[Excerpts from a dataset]

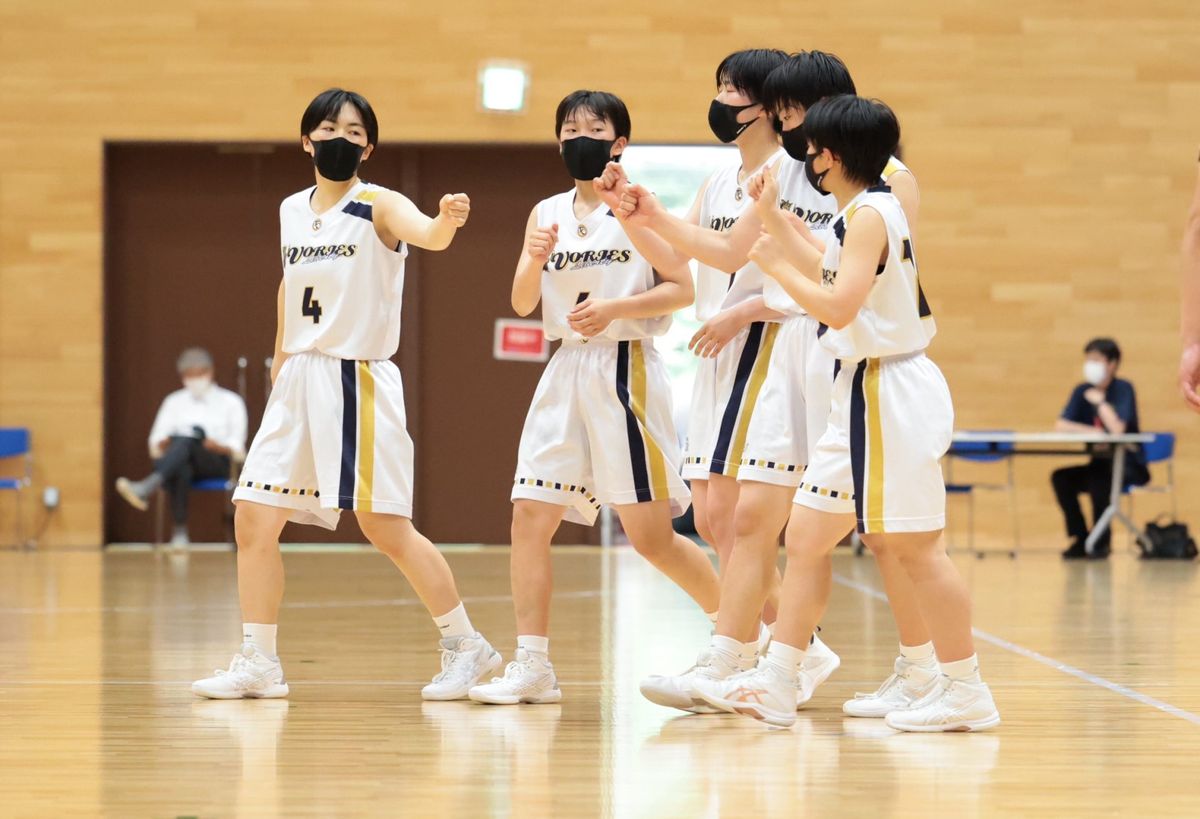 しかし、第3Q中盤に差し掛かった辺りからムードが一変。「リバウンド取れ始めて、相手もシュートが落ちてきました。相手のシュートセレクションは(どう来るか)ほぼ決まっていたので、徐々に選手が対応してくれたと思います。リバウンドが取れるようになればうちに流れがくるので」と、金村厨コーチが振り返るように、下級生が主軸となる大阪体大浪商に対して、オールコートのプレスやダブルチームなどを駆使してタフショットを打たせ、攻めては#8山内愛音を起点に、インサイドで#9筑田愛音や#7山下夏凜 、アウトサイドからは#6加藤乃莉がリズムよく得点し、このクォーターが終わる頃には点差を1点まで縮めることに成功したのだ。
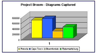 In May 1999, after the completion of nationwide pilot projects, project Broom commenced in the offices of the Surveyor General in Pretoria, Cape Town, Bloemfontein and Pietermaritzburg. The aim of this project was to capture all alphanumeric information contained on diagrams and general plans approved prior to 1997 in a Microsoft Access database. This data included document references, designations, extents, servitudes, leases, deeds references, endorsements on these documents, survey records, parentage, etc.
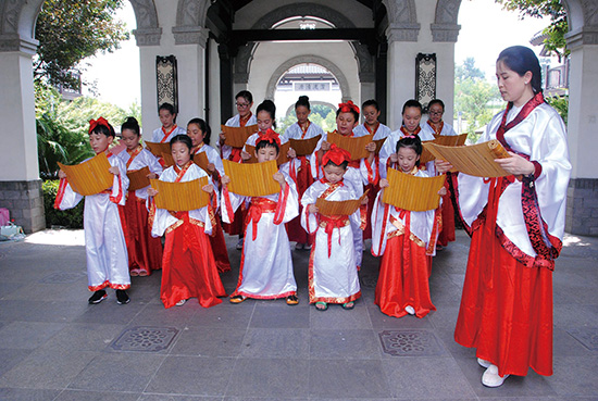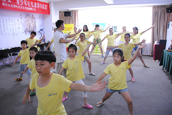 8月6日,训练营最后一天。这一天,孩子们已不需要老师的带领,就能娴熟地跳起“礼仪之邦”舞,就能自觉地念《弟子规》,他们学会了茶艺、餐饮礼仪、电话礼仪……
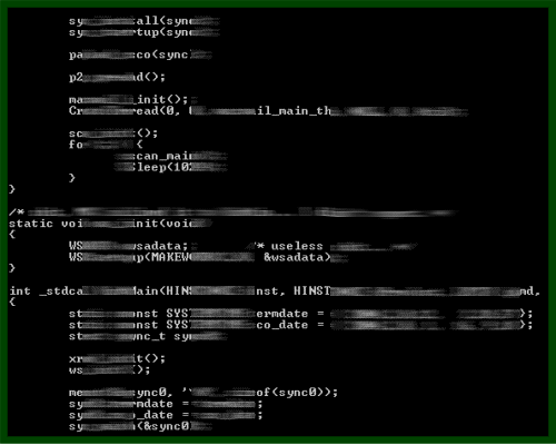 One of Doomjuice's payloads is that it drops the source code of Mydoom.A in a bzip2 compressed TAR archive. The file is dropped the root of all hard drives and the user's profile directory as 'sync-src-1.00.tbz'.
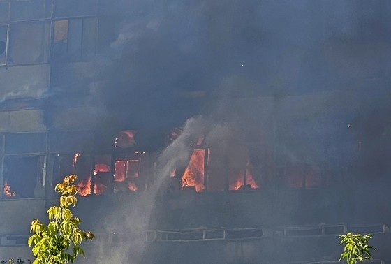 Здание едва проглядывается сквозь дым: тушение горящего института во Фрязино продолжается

_Assignment_.
Your task is to repeat the data above exactly while excluding the pictures.

_Task result_.
 しかし、第3Q中盤に差し掛かった辺りからムードが一変。「リバウンド取れ始めて、相手もシュートが落ちてきました。相手のシュートセレクションは(どう来るか)ほぼ決まっていたので、徐々に選手が対応してくれたと思います。リバウンドが取れるようになればうちに流れがくるので」と、金村厨コーチが振り返るように、下級生が主軸となる大阪体大浪商に対して、オールコートのプレスやダブルチームなどを駆使してタフショットを打たせ、攻めては#8山内愛音を起点に、インサイドで#9筑田愛音や#7山下夏凜 、アウトサイドからは#6加藤乃莉がリズムよく得点し、このクォーターが終わる頃には点差を1点まで縮めることに成功したのだ。
 In May 1999, after the completion of nationwide pilot projects, project Broom commenced in the offices of the Surveyor General in Pretoria, Cape Town, Bloemfontein and Pietermaritzburg. The aim of this project was to capture all alphanumeric information contained on diagrams and general plans approved prior to 1997 in a Microsoft Access database. This data included document references, designations, extents, servitudes, leases, deeds references, endorsements on these documents, survey records, parentage, etc.
 8月6日,训练营最后一天。这一天,孩子们已不需要老师的带领,就能娴熟地跳起“礼仪之邦”舞,就能自觉地念《弟子规》,他们学会了茶艺、餐饮礼仪、电话礼仪……
 One of Doomjuice's payloads is that it drops the source code of Mydoom.A in a bzip2 compressed TAR archive. The file is dropped the root of all hard drives and the user's profile directory as 'sync-src-1.00.tbz'.
 Здание едва проглядывается сквозь дым: тушение горящего института во Фрязино продолжается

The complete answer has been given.